** Opening Data under study block **

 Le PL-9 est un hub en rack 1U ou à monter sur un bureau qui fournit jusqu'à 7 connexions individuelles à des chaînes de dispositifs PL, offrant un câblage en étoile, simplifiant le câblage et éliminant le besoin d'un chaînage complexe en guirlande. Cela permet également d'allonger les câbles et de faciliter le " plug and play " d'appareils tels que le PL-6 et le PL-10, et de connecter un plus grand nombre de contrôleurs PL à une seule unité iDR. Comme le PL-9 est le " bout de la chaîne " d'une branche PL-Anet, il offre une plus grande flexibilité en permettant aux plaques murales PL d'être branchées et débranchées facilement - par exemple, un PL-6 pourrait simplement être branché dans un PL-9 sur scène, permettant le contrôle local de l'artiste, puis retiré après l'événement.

** Closing Data under study block **
** Opening Data under study block **

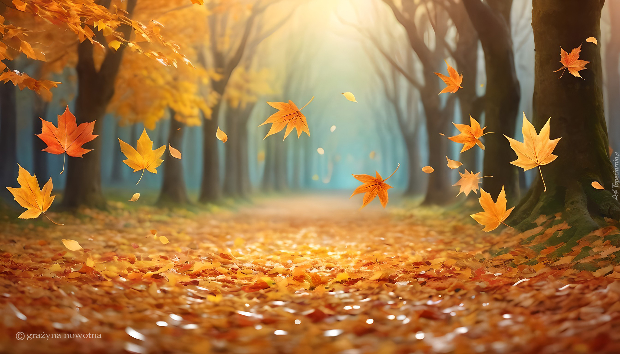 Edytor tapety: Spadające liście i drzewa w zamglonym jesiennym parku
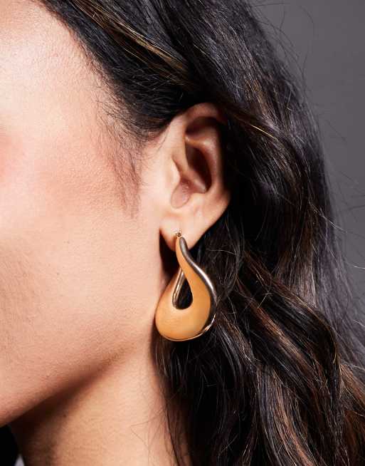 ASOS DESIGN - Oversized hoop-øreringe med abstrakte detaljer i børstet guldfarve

** Closing Data under study block **

### Task prompt
Begin at the line in the entries above that has "Edytor tapety: Spadające", stop after the line that has "ASOS DESIGN - Oversized", and output exactly those lines without pictures.

### Answer for this exercise
 Edytor tapety: Spadające liście i drzewa w zamglonym jesiennym parku
 ASOS DESIGN - Oversized hoop-øreringe med abstrakte detaljer i børstet guldfarve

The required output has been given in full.